Pouvoir terrible, implacable et confondant des images. Les images des manifestations monstres de ce dimanche, jour du Seigneur (au secours, Cavanna !), écraseront toutes les autres. On ne se donne pas la peine, la plupart du temps, trente ou quarante ans après, de visiter l'arrière-boutique de pareils tableaux, qui sont rangés dans la Galerie des Glaces de la geste nationale. Il faudrait comparer le tableau de ce momentum avec celui de De Gaulle entrant dans Paris libéré. Même communion populaire de circonstance, même entente politique de façade, dans une France pourtant déchirée, à la conscience pas très nette, encore en guerre avec elle-même. Ce que j'ai vu ces derniers jours sur Mediapart, où l'émotion, quasi unanime, s'est très vite mitigée d'analyses lucides de la situation et de mises en garde dans le genre "on ne me refera pas le coup de l'union sacrée, de la France "black-blanc-beur", ce que j'ai vu, c'est un peuple en miettes qui doute, qui se cherche, qui s'interroge et qui interpelle les journalistes de la rédaction sur le choix qu'ils ont fait de donner tête la première et qui pis est, en pleine connaissance de cause, dans le piège tendu, comme si l'appel primitif du nombre était plus fort que le tocsin de la conscience qui veille. Quel rapport entre ce peuple en miettes et la caricature de peuple, le fantasme de peuple qui paradait ce dimanche, renouant, pour le fun, avec les symboles défraîchis, dévitalisés par des années de néolibéralisme plus ou moins assumé, d'une République à l'agonie ? Je ne peux pas croire qu'il y ait un tel contraste entre ce qui s'écrit ici, sous tant de plumes diverses, et la mascarade au-dehors. Quel intérêt d'aller jouer les brebis sous la houlette des loups ? 

Le peuple de Paris ne dansait pas au pied de la Bastille, quand il s'agissait de la prendre. En revanche, il s'amuserait plus tard bêtement au pied de la guillotine, comme s'il était fatal que la violence du peuple dirigée contre l'arbitraire étatique fût récupérée par l'ordre nouveau et retournée contre le peuple, sous la forme acceptable, ritualisée, d'un spectacle républicain et non plus royal. On entrait alors dans l'ère du patriot act révolutionnaire...

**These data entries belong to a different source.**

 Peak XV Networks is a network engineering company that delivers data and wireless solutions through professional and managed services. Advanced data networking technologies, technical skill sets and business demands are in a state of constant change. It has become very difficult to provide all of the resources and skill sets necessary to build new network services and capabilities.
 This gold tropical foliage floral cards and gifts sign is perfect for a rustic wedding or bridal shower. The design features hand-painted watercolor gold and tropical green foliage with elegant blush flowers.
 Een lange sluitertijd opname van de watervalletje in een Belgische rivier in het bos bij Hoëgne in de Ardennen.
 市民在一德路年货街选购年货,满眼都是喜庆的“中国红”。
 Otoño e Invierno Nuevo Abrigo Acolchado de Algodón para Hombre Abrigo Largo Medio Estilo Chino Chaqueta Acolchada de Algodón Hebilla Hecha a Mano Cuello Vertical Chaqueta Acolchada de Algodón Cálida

Extraordinaire mot de Régis Debray, ancien compagnon de lutte du Che, le lendemain matin, lundi 12, sur France Culture : "La République vaut bien un quiproquo." À part cela, il faut éviter les "amalgames". On n'est donc pas sortis de la comédie, on y est même rentrés de bon cœur, encore un coup, avant que le rideau se baisse. Il y avait beaucoup de quiproquos hier. Ils empêchaient les quelques démocrates qui, en marge des embrassades en service commandé, travaillent à la reconstitution du demos de se réjouir autant qu'ils auraient dû.